COLLECTED DATA:
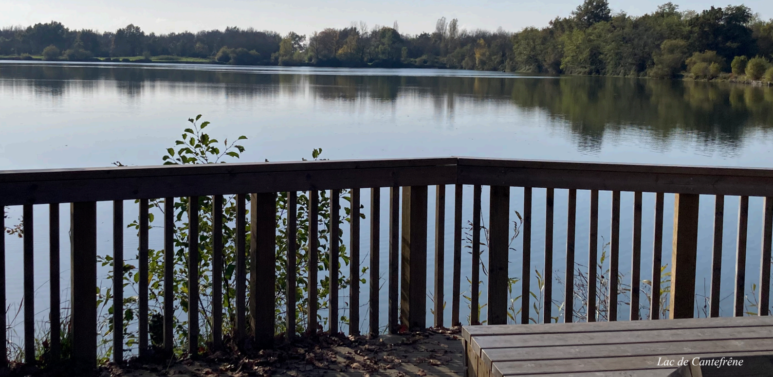
Lac de Cantefrêne
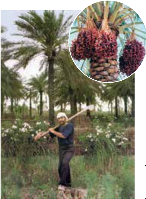
نخلستان — استان خوزستان

اکنون با توجه به نقشه‌ی صفحه‌ی ۱۱، بگویید خرما بیش‌تر در کدام نواحی ایران به‌دست می‌آید. چرا؟ بیش‌تر محصول پسته‌ی ایران در کدام استان تولید می‌شود؟ پسته و خرما از محصولاتی‌اند که از ایران به کشورهای دیگر جهان صادر می‌شوند.

THE PROBLEM:
Transcribe all the data word for word; the images stay out.

EXERCISE SOLUTION:
Lac de Cantefrêne
نخلستان — استان خوزستان

اکنون با توجه به نقشه‌ی صفحه‌ی ۱۱، بگویید خرما بیش‌تر در کدام نواحی ایران به‌دست می‌آید. چرا؟ بیش‌تر محصول پسته‌ی ایران در کدام استان تولید می‌شود؟ پسته و خرما از محصولاتی‌اند که از ایران به کشورهای دیگر جهان صادر می‌شوند.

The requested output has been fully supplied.